Read Reclaiming My Broken Luna (Astrid and Killian) Chapter 282: To Fight for Love - the best manga of 2020

Of the Internet stories I have ever read, perhaps the most impressive one is Reclaiming My Broken Luna (Astrid and Killian). The story is too good, leaving me with many doubts. Currently, the manga has been translated to Chapter 282: To Fight for Love. Let's read the author's Reclaiming My Broken Luna (Astrid and Killian) Internet story right here.

Nova’s POV

I fold the last piece of clothing into my bag, my hands shaking with every movement.

Everything feels heavier than it should, like the weight of my decision is pressing down on me, threatening to crush me.

This room, this pack, it was my home for so long. But now, it’s become unbearable.

Every corner holds memories I wish I could forget, memories that keep me tied to a past I no longer have a place in.

Drystan.

His name alone sends a sharp pang through my chest. I close my eyes, trying to push away the thoughts of him, of what could’ve been, but it’s no use.

He’s everywhere, in everything. I can’t escape him, not while I’m here. I can’t pretend anymore. It hurts too much.

I open my eyes, looking down at the half-packed bag. My heart feels like it’s shattering with every item I shove inside, but this is the only option. I can’t stay.

Not when Drystan and Astrid have found their way back to each other. I can’t be the reason they fall apart again. I won’t be the one standing in the way of their happiness.

No matter how much it tears me apart inside.

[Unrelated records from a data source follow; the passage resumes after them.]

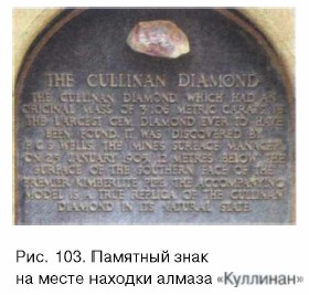 Африка — материк коротких теней Геологическое строение и рельеф АфрикиПолезные ископаемыеНа физической карте видно, что Восточная и Южная Африка расположена несколько выше над уровнем моря, чем северная и западная части материка. Но различаются они не только высотой. Поверхность Северной и Западной Африки в прошлом была дном моря, а сейчас подвергается активному физическому выветриванию. Она сложена в основном осадочными горными породами как континентального, так и морского происхождения. А на поверхности Южной и Восточной Африки находятся очень древние магматические горные породы, которые залегали в основании древних горных сооружений. Именно поэтому полезные ископаемые в разных частях Африки различны. На севере и западе материка преобладают полезные ископаемые осадочного происхождения. Здесь находятся крупные запасы нефти, которые очень активно разрабатываются. Кроме того, велики запасы фосфоритов, являющихся ценным сырьем для производства удобрений. Главное богатство южной части Африки — полезные ископаемые магматического происхождения, и прежде всего руды самых разных металлов. Эта часть материка особенно богата золотом, ураном, медью. Здесь расположены богатейшие месторождения алмазов. Именно здесь из месторождений ЮАР, Намибии и Ботсваны добывается значительная часть всех алмазов мира. В 1905 г. на юге Африки был найден крупнейший в мире алмаз, которому дали имя «Куллинан». Вес драгоценных камней ювелиры определяют в специальных единицах измерения — каратах. Так вот, вес «Куллинана» составил 3106 каратов! Это около 600 граммов, алмаз-гигант был размером примерно с небольшой кулак (рис. 103).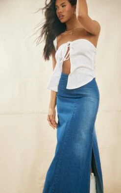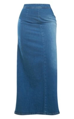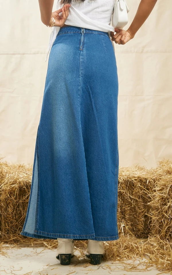 Jupe trapèze longue en jean moyennement délavé bleu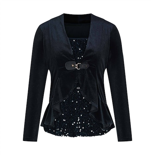 Per donna Blusa Top Eleganti Semplice Elegante Vintage Quotidiano Manica Lunga Collo quadrato Top Regolari Lavoro Quotidiano Ferie Paillettes Arricciato Patchwork Nero Verde Grigio Autunno Inverno

I bite my lip, the tears threatening to spill over, but I won’t let them. Not now. I’ve cried enough over this. Over him. Over what we could’ve been.

But what’s the point of holding on to something that was never truly mine? Drystan made his choice. And I have to make mine.

Leaving is the only way I’ll survive this. I can’t keep pretending that I’m okay, that seeing him with her every day doesn’t kill me a little more each time.

He deserves happiness, and so does Astrid. I care about them both too much to stay and cause more pain. And if I’m honest with myself, I deserve a chance to move on too.

But why does it hurt so much to walk away?